### [PROMPT]
Please output the lines from the one with "लखनऊ। डॉ राम" through the end of the data exactly as written, omitting all pictures.

### [COLLECTED DATA]

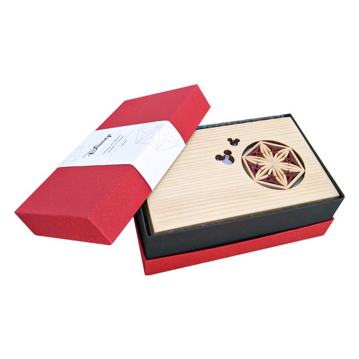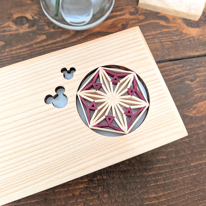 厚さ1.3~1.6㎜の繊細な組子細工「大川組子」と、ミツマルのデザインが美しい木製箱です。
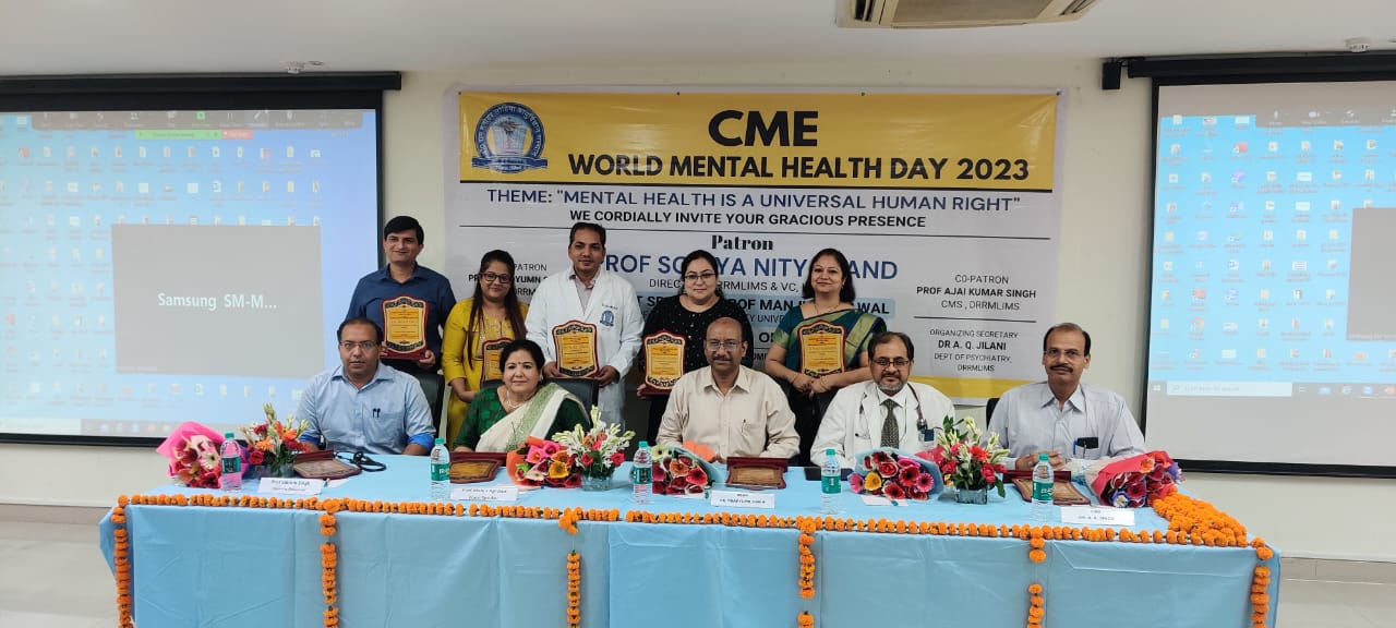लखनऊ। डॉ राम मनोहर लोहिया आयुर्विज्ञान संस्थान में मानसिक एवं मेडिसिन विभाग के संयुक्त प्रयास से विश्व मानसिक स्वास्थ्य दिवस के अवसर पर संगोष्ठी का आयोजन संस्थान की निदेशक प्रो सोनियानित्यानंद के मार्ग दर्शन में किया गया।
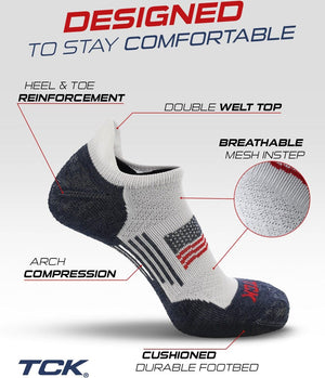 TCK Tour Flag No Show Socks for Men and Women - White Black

### [TASK ANSWER]
लखनऊ। डॉ राम मनोहर लोहिया आयुर्विज्ञान संस्थान में मानसिक एवं मेडिसिन विभाग के संयुक्त प्रयास से विश्व मानसिक स्वास्थ्य दिवस के अवसर पर संगोष्ठी का आयोजन संस्थान की निदेशक प्रो सोनियानित्यानंद के मार्ग दर्शन में किया गया।
 TCK Tour Flag No Show Socks for Men and Women - White Black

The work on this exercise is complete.